Chief of the Athabasca Chipewyan First Nation
- Incumbent
- Assumed office October 2007

Personal details
- Born: 1966 or 1967 (age 58–59)

= Allan Adam =

Canadian indigenous leader

Chief Allan Adam is the Chief of the Athabasca Chipewyan First Nation in northern Alberta, Canada. He has served as Chief since October 2007. Before becoming Chief, Adam had served as a band councillor since 2003, with responsibility for housing issues.

== Political views ==
In 2015, Adam, along with the leaders of several other First Nations, spoke out against the First Nations Financial Transparency Act.

== Environmental views ==
Adam has advocated against oil sands development, having coordinated efforts involving prominent climate activists such as Greta Thunberg and Leonardo DiCaprio.

In 2014, Adam brought suit on his own behalf and on behalf of Athabasca Chipewyan First Nation against Canada's Minister of Environment and Shell Canada in relation to Shell's proposed expansion of the Jackpine Mine oil sands project, located near Fort McMurray, Alberta on the lands of Athabasca Chipewyan First Nation.

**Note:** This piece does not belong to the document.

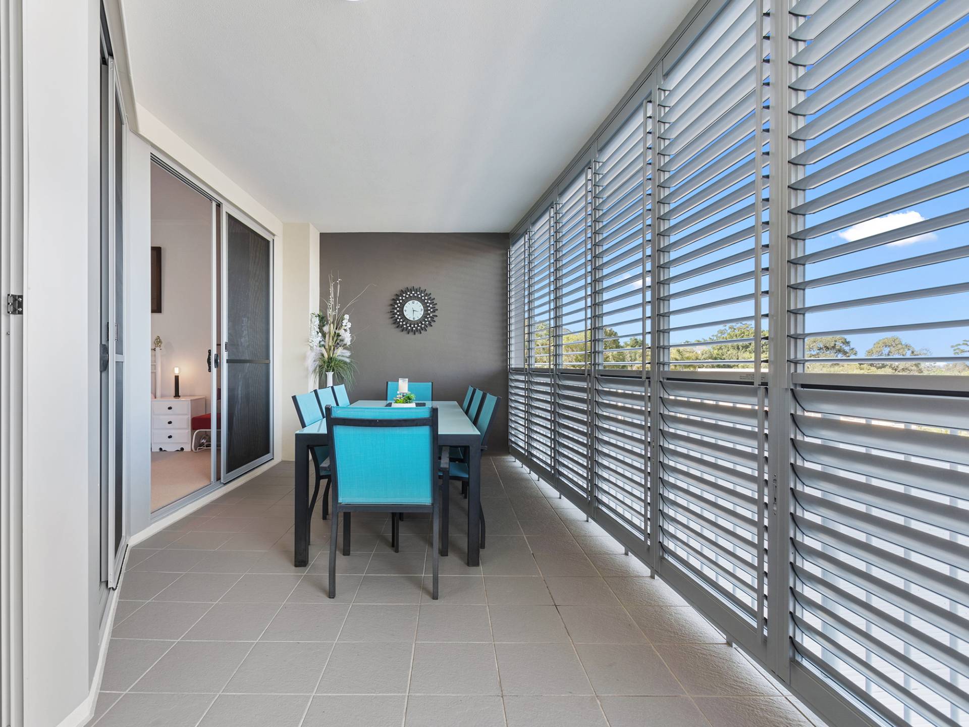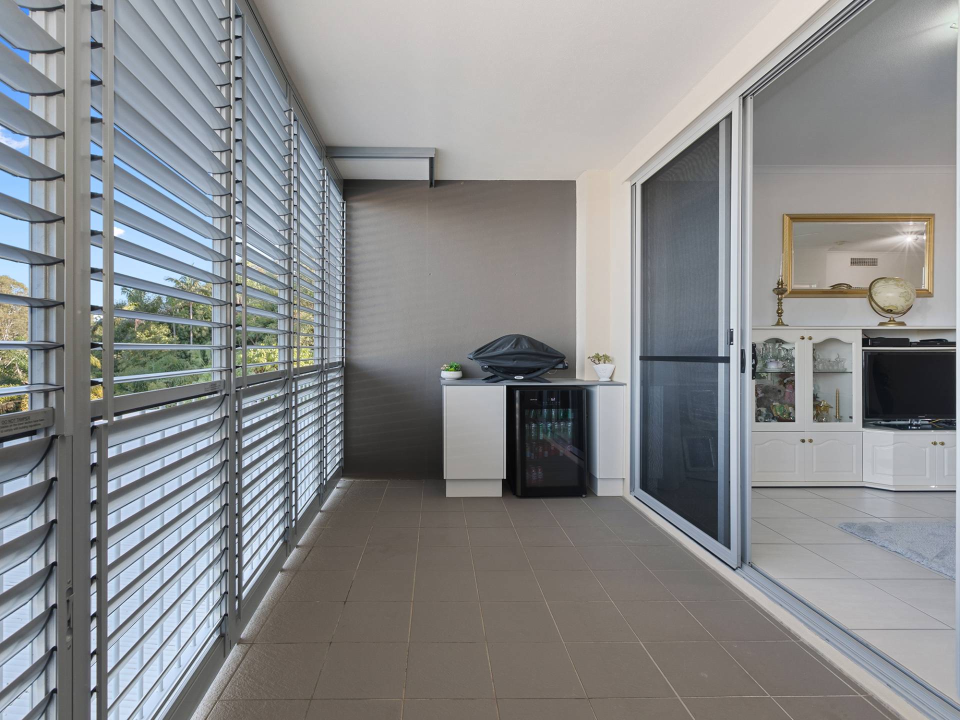 - Spacious outdoor balcony with views along the coastline to Moreton island, and all weather security shutters.

Adam alleged that Canada had breached its duty to consult and accommodate by allowing the proposed expansion to go forward in spite of significant environmental impacts from the project. The Federal Court dismissed his action.

In 2015, the Athabasca Chipewyan First Nation, under Adam's leadership, brought a legal challenge against the Grand Rapids pipeline, then under construction by TC Energy.

In August 2018, Adam was the keynote speaker at the Arctic Indigenous Investment Conference held in Yellowknife, Northwest Territories, where he spoke in favour of developments such as the Trans Mountain pipeline.

== 2020 arrest ==
In June 2020, a 12-minute police video was released showing an officer of the Royal Canadian Mounted Police tackling Allan to the ground, punching him in the head and putting him in a choke hold after Adam repeatedly antagonizing and disobeying the first police officer's instructions to remain in the vehicle while conducting an investigation into a possible impaired driver. Adam had been charged with resisting arrest and assaulting a peace officer in connection with the incident, but the charges were later dropped.

The video drew media attention to systemic racism in the policing of Indigenous communities in Canada. Canadian Prime Minister Justin Trudeau expressed 'shock' and ordered investigations.